If you are one of those who falls asleep with the cell phone in his hand or nodding in front of the television, you should know that your brain is not resting enough. If you feel fatigued in the morning or less focused on work, turn off your TV and cell phone at night. You will notice the difference.

6. Don't Sleep with the Lights On

Try to create a dark and cozy space. Some also leave the television on without audio, just for the light. In this way, our brain, although partially "turned off", remains alert to an external stimulus, causing exhaustion.

The blue light emitted by the screens, possibly suppresses the secretion of melatonin (a hormone that helps control the sleep cycle), altering its quality. These findings lead us to the conclusion that turning off the light emitted by the screens improves human sleep.

7. Sleep as Early as Possible

Go to bed at the same time and well in advance so you can get the hours you need to feel unbeatable. If your morning routine starts at 6 a.m., then at 11 p.m. you must have already fallen asleep. This means that an hour before, you must stay away from external artifacts and stimuli that keep you awake.

Current evidence supports the general recommendation to get 7 or more hours of sleep per night on a regular basis to promote optimal health among adults ages 18-60. Individual variability in the need for sleep is influenced by genetics.

8. Lower the Room Temperature

Your body temperature changes as you fall asleep. Core temperature decreases, while the temperature of your hands and feet increases.

If your room temperature is too warm, you might have a hard time falling asleep. Setting your bedroom to a cool temperature between 60–75°F (15–23°C) could help.

Individual preferences will vary from person to person, so find the temperature that works best for your body.

9. Practice Yoga, Meditation and Mindfulness

When you are stressed, you tend to have difficulty falling asleep. Yoga, meditation and mindfulness are different tools that helps to calm your mind and relax your body. Moreover, they have been shown to improve sleep.

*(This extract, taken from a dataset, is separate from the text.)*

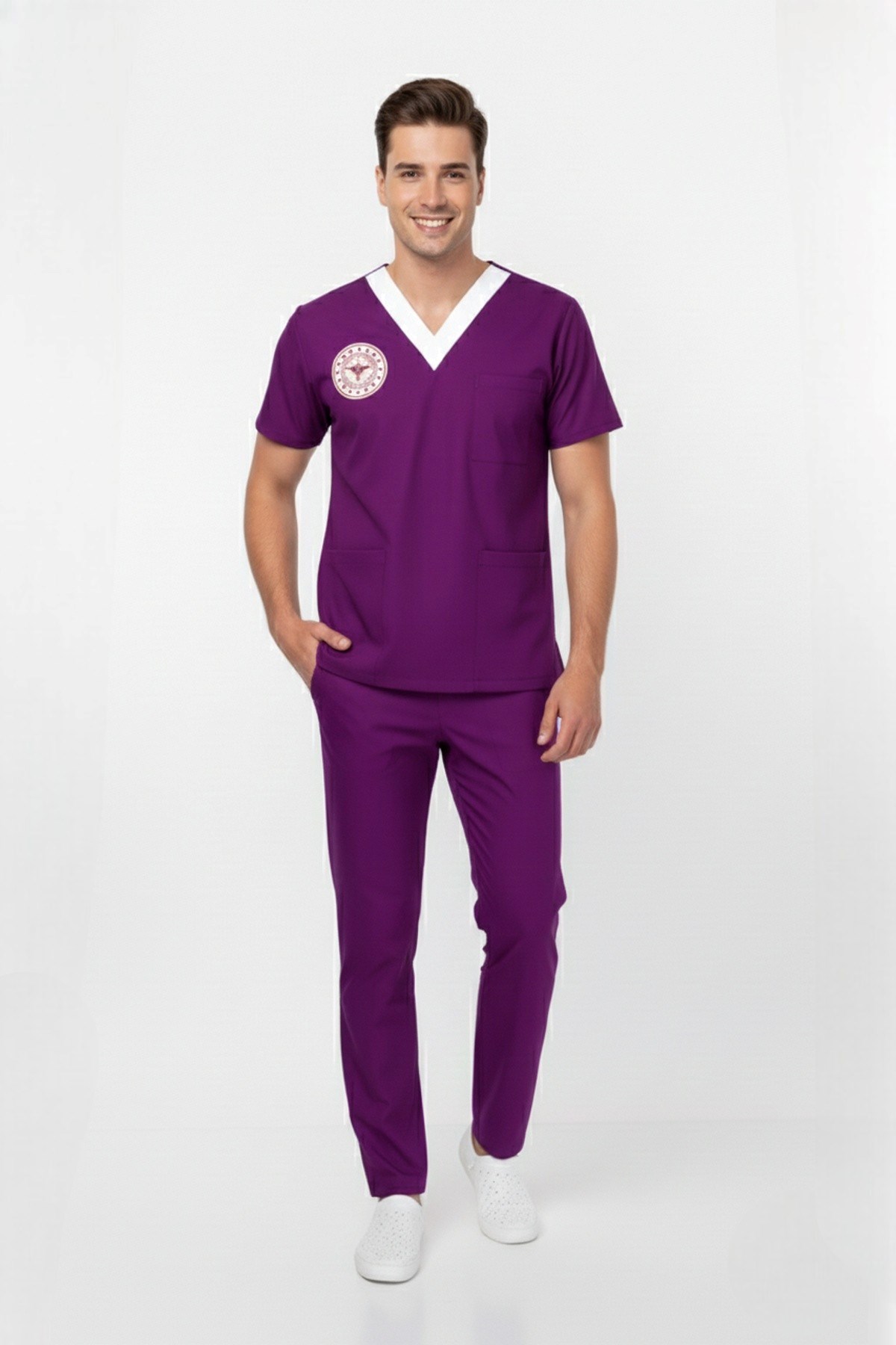 Unisex Byzantium Mor Sorumlu Ebe Scrubs Üniforma Takım (Sağlık Bakanlığı Yeni Yönetmeliğe Uygun)

Yoga encourages you the practice of breathing patterns and body movements that release stress and tension accumulated in your body.

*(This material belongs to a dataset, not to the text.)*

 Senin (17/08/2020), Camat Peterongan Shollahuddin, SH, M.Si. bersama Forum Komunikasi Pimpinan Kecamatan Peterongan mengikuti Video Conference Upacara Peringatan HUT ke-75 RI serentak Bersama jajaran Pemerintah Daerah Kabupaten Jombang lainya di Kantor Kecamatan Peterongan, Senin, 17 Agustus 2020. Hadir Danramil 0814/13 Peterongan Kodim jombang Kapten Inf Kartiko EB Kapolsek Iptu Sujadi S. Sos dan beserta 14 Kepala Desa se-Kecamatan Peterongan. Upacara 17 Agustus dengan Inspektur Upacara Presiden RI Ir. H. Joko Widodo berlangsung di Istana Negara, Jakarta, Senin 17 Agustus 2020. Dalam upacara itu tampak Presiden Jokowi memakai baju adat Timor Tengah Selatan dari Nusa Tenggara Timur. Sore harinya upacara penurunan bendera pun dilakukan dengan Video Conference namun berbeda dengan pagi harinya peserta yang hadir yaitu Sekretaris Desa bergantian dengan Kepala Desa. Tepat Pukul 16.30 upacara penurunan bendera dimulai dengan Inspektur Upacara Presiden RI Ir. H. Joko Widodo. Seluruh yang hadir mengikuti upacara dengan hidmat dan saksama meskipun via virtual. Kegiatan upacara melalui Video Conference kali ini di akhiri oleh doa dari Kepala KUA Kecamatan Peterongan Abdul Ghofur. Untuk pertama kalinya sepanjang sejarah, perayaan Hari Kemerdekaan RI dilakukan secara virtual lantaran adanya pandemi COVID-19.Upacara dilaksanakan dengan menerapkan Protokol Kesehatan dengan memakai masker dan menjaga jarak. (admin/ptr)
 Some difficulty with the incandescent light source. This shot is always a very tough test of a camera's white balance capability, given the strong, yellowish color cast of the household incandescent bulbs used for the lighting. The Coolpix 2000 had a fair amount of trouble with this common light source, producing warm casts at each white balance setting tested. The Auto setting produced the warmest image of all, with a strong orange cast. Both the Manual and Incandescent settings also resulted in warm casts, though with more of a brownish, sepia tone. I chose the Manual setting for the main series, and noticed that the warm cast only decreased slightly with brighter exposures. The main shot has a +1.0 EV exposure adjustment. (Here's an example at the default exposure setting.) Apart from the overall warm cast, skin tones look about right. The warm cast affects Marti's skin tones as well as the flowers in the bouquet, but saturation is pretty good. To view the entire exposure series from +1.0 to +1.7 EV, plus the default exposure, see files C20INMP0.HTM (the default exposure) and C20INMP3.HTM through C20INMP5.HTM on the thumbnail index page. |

Meditation can enhance melatonin levels and assist your brain in achieving a specific state where sleep is easily achieved.

Mindfulness may help you maintain focus on the present and reduce worry while falling asleep.

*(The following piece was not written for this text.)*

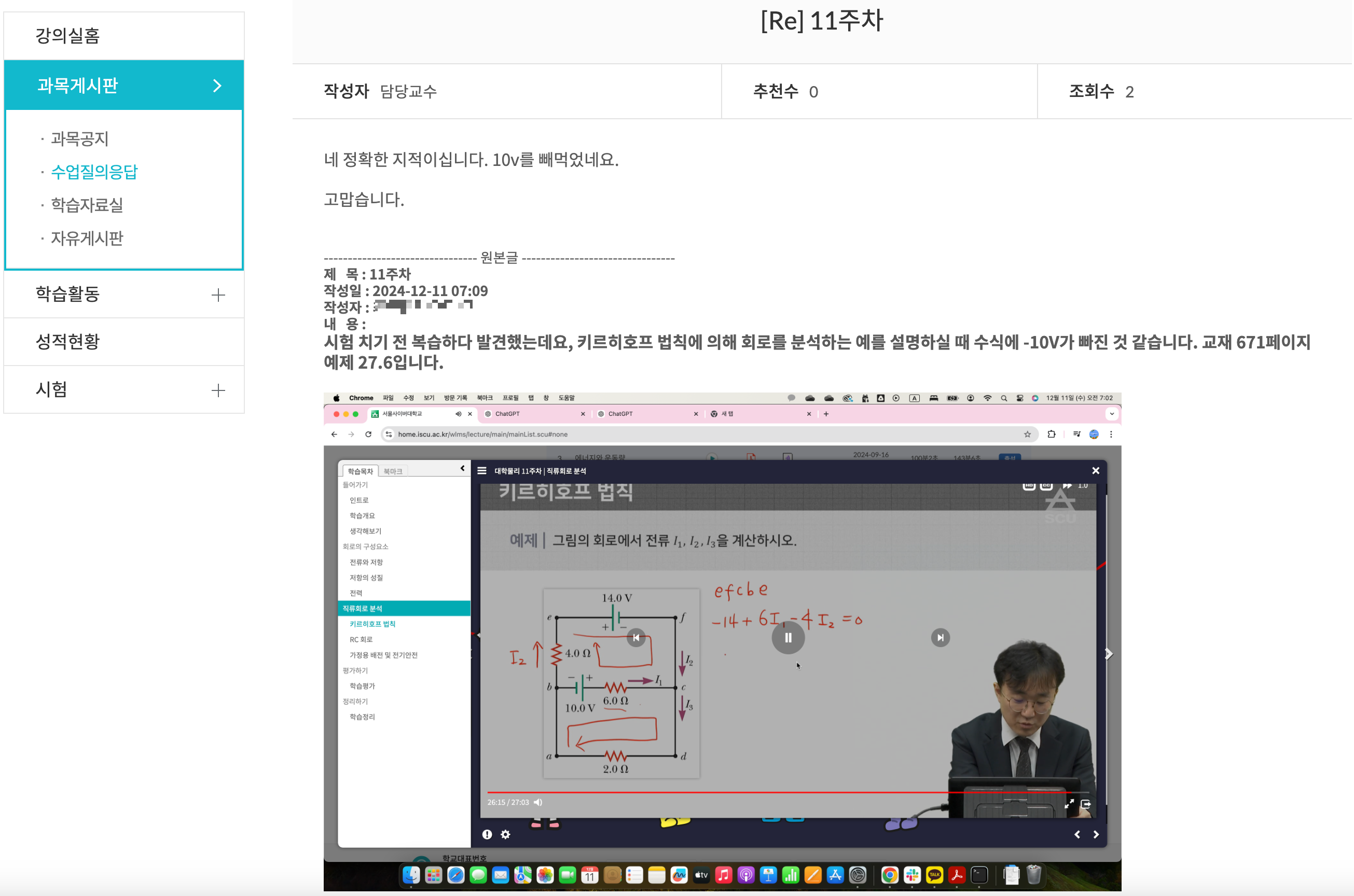 그러고 아침에 일어나 잠깐 복습하다 보니, 교수님이 설명하다가 수식에서 항을 하나 빼먹은 것이 보여 질문답변 게시판에 올려두었다.

Practicing one or all of these techniques can help you get a good rest at night and wake up re-energized.

10. Avoid Naps During the Day

Due to poor sleep at night, people feel sleepy during the daytime. This often leads to daytime napping.

While naps of short duration have been linked to improvements in alertness and well being, there are mixed opinions about the effects of napping on night-time sleep.

Some studies have shown that regular, long naps or late naps may lead to poor night-time sleep quality and even sleep deprivation.

Another study found that old adult’s peoples who napped frequently had lower quality night-time sleep, more depressive symptoms, more limited physical activity and were more likely to be overweight than those who rarely took a nap.